Binayak Sen’s trial dragged on for three years and during the period, many, including 22 Nobel laureates, condemned the politically motivated and patently fake prosecution that was not backed by a shred of material evidence. But in the end, Binayak Sen got life imprisonment, compared to 11 years that Liu Xiaobo got. The other similarity is disturbing too. The verdict against Binayak Sen was announced on the Christmas Eve.

No, I am not insane enough – not yet, anyway – to compare our judicial system with that of China. But surely, there are many people in power in Indiawho would love to have the kind of unfettered powers that the Chinese authorities enjoy. It is significant that for several days after the verdict, none of the mainstream political parties except the Communist Party of India (CPI) have spared one word to condemn the verdict, nay, even question the validity of the monstrous judgment.

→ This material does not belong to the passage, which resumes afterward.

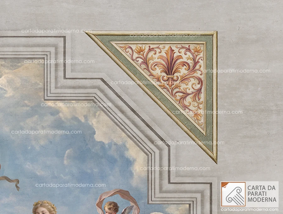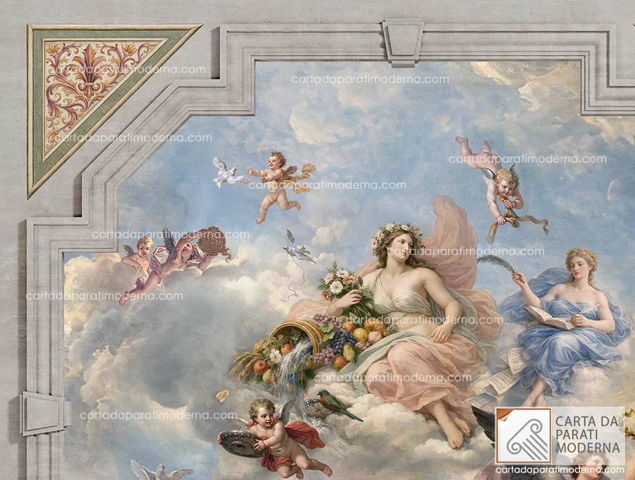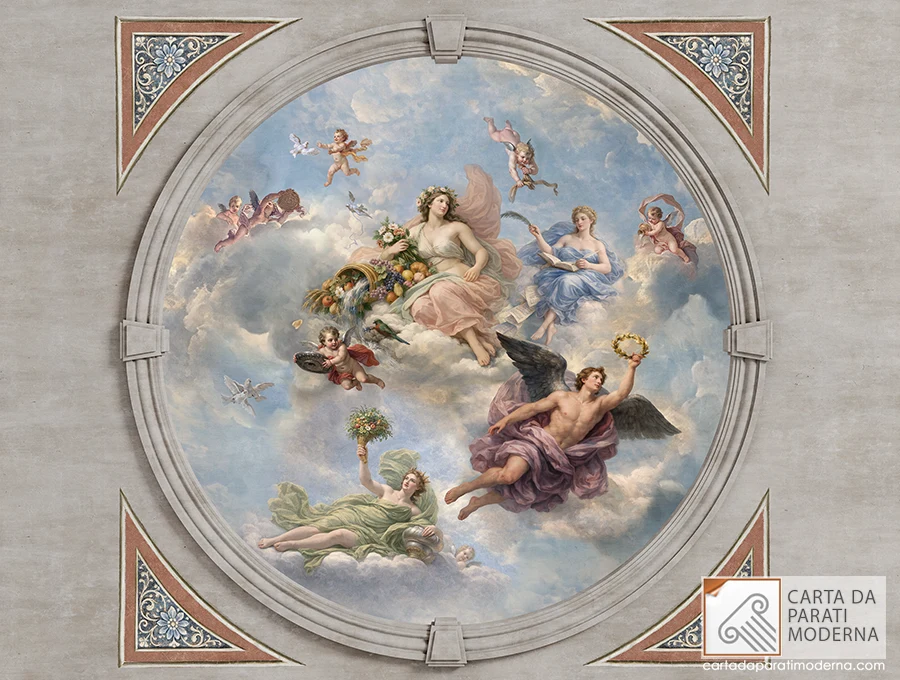 La resa pittorica, le sfumature delicate e la composizione scenografica creano un effetto affresco classico estremamente realistico, perfetto per ambienti raffinati e di rappresentanza.

Some of them might, sooner or later, if they perceive the political cost of silence unacceptably high!

Considering the facts, it would be reasonable to demand that Dr. Sen is set free. Hopefully, that will happen once the case goes to higher courts. But what has happened to our justice delivery system? If this can be done to an eminent person despite international protests, what chance do ordinary citizens (like the two convicted alongside Dr. Sen) have against mighty governments in our law courts? Doesn’t this verdict reinforce the extremists’ claim that India is not a democracy?

Paraphrasing Shakespeare, the Supreme Court has recently stated: something is rotten in the High Court of Allahabad. The former Chief Justice of India (CJI), who is now the Chairman of the National Human Rights Commission is involved in a public spat with a sitting high court judge. One of them is lying. There have been reports that the same former CJI’s daughter and son-in-law amassed Rs.7 crore while he was the CJI.[v]

Politicians have failed us and bureaucrats have largely proved themselves to be spineless yes-men. The judiciary may be the last hope for the Indian democracy. After the Raipur verdict, one wonders if it’s much of a hope.




Postscript: I think every Indian who cares for the future of this country should do something now. You can do something easily, almost without any effort. Please cut and paste the essential facts about the case either from here, or from a better source, onto an email and send it across to whoever would care to open and read a mail from you. Let this message reach every Indian who uses the Internet. Let us inform others; let us register our protest.